With the line containing "Carcasa Guess 4G" as the start and the line containing "Went on a hike" as the end, transcribe that span of the entries below exactly, including both.

Data excerpts =>
= = = =

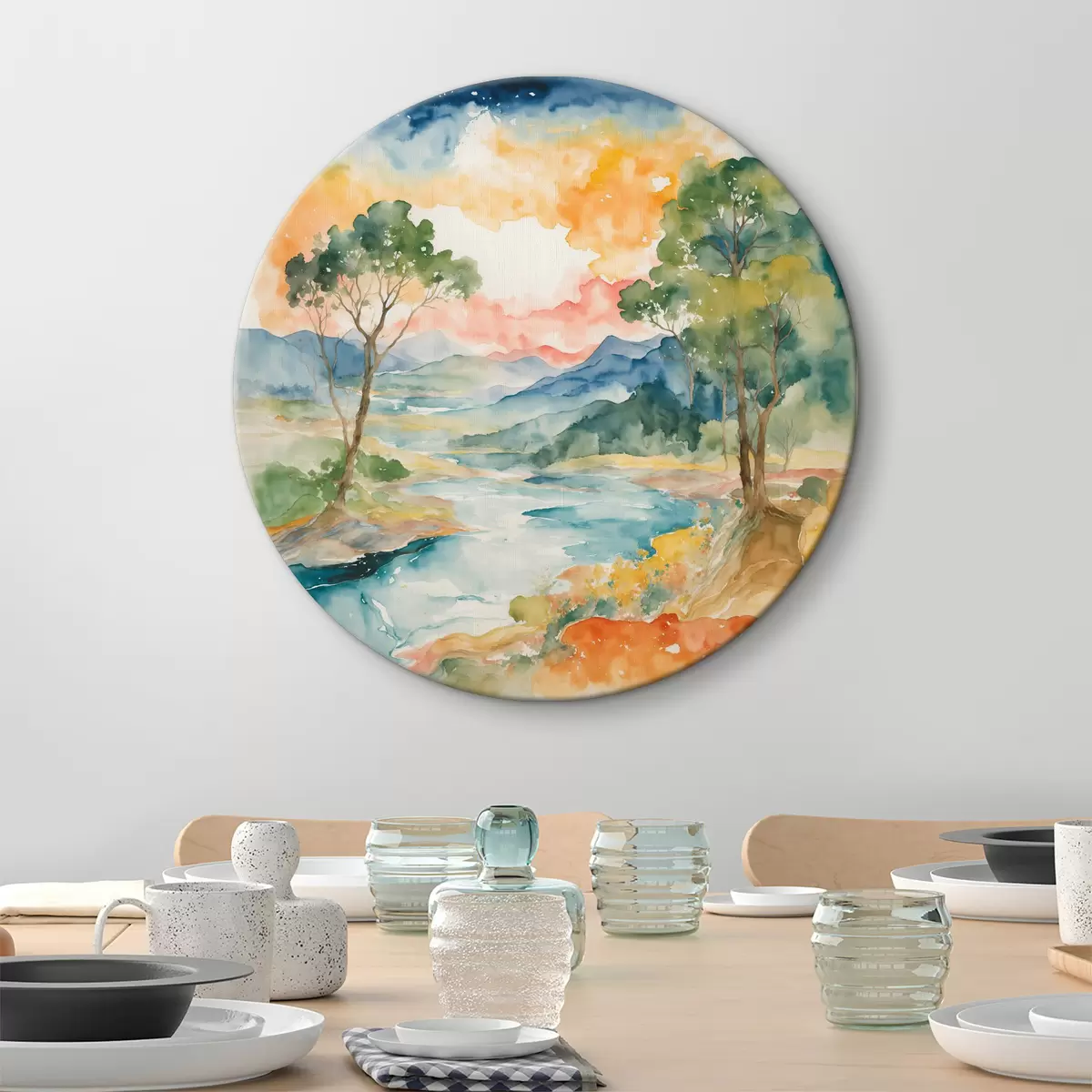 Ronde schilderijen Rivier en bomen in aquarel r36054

= = = =

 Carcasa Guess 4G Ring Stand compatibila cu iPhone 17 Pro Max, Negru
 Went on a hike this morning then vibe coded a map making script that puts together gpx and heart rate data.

= = = =

The answer =>
 Carcasa Guess 4G Ring Stand compatibila cu iPhone 17 Pro Max, Negru
 Went on a hike this morning then vibe coded a map making script that puts together gpx and heart rate data.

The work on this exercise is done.